Boris Johnson leaves Downing Street to go to the House of Commons for Prime Minister's Questions.
Boris Johnson leaves Downing Street to go to the House of Commons for Prime Minister's Questions.

Boris Johnson refused to rule out a UK wide lock-down to stop the spread of coronavirus this evening, as confirmed cases in the UK rose to 2,626.

The prime minister said the government would do “whatever it takes” to beat “the invisible enemy”, as it was announced schools across the entire UK would be closed from Friday.

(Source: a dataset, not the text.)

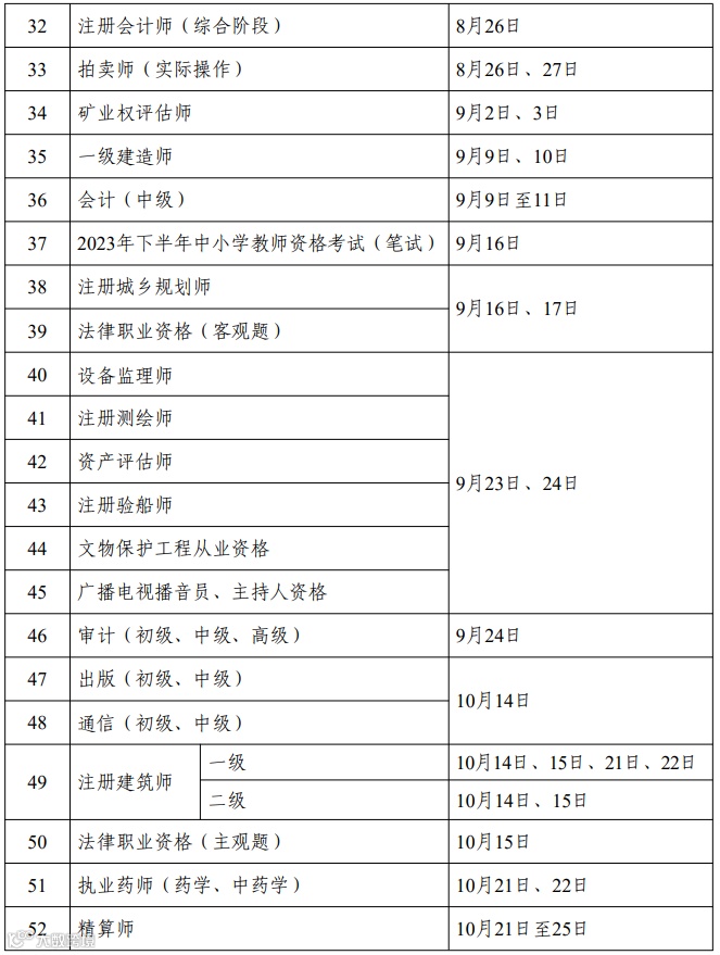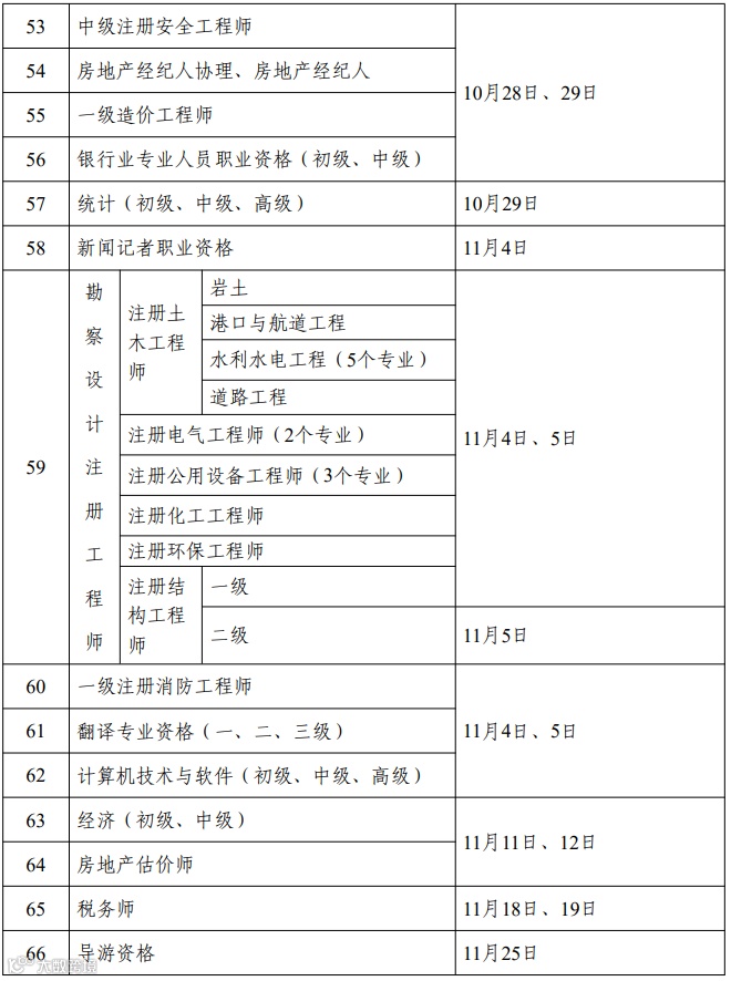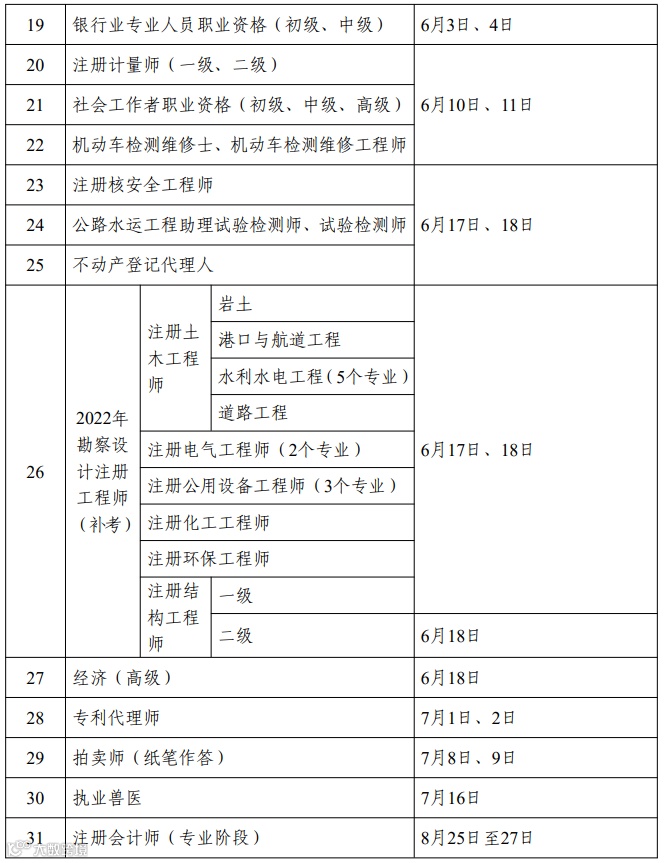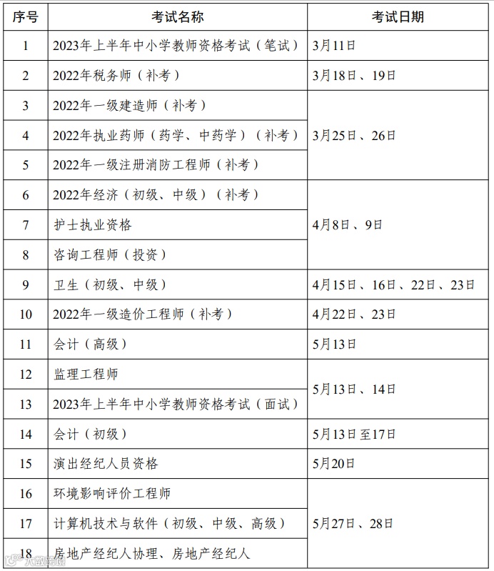 为统筹做好专业技术人员职业资格考试规划和管理工作,便于广大专业技术人员参加职业资格考试,经商有关部门和单位同意,现就2023年度专业技术人员职业资格考试计划及有关事项通知如下:

Mr Johnson, appearing in Downing Street, said he was willing to bring forward further measures, such as restricting travel, to suppress the peak of the epidemic in the near future.

“We live in a land of liberty, it’s one of the great features of our lives that we don’t tend to impose those sorts of restrictions on people in this country, but I have to tell you we will rule nothing out,” he said.

He added: “We will certainly wish to consider bringing forward further and faster measures where that is necessary to suppress the peak of the epidemic, to protect our NHS, to minimise casualties and to minimise suffering, that is our objective.”

It comes as UK deaths reached 104 after the NHS said a further 32 people had died in England.

Confirmed cases in the UK rose to 2,626 on Wednesday, from 1,950 on Tuesday. There have been 56,221 tests carried out in the UK for Covid-19, of which 53,595 were confirmed negative.

Mr Johnson said a “game-changer” test to determine whether an individual has developed antibodies to tackle the coronavirus is “coming down the track”.

The government’s chief scientific adviser Sir Patrick Vallance said: “That’s progressing very fast, Public Health England are looking at this today. They’ve got a test in house they’ve got going and we’re looking at ways at getting the much more widespread version out.

“Going forward it’s going to be critically important to be able to monitor this disease well because only by being able to monitor it can we start relaxing measures again.”

The prime minister added: “The great thing about having a test to see whether you’ve had it enough is suddenly a green light goes on above your head and you can go back to work in the safe and confident in the knowledge that you are most unlikely to get it again.

“So for an economic point of view, from a social point of view, it really could be a game-changer.

“You can really see the potential of that advance, which, as I say, is coming down the track.”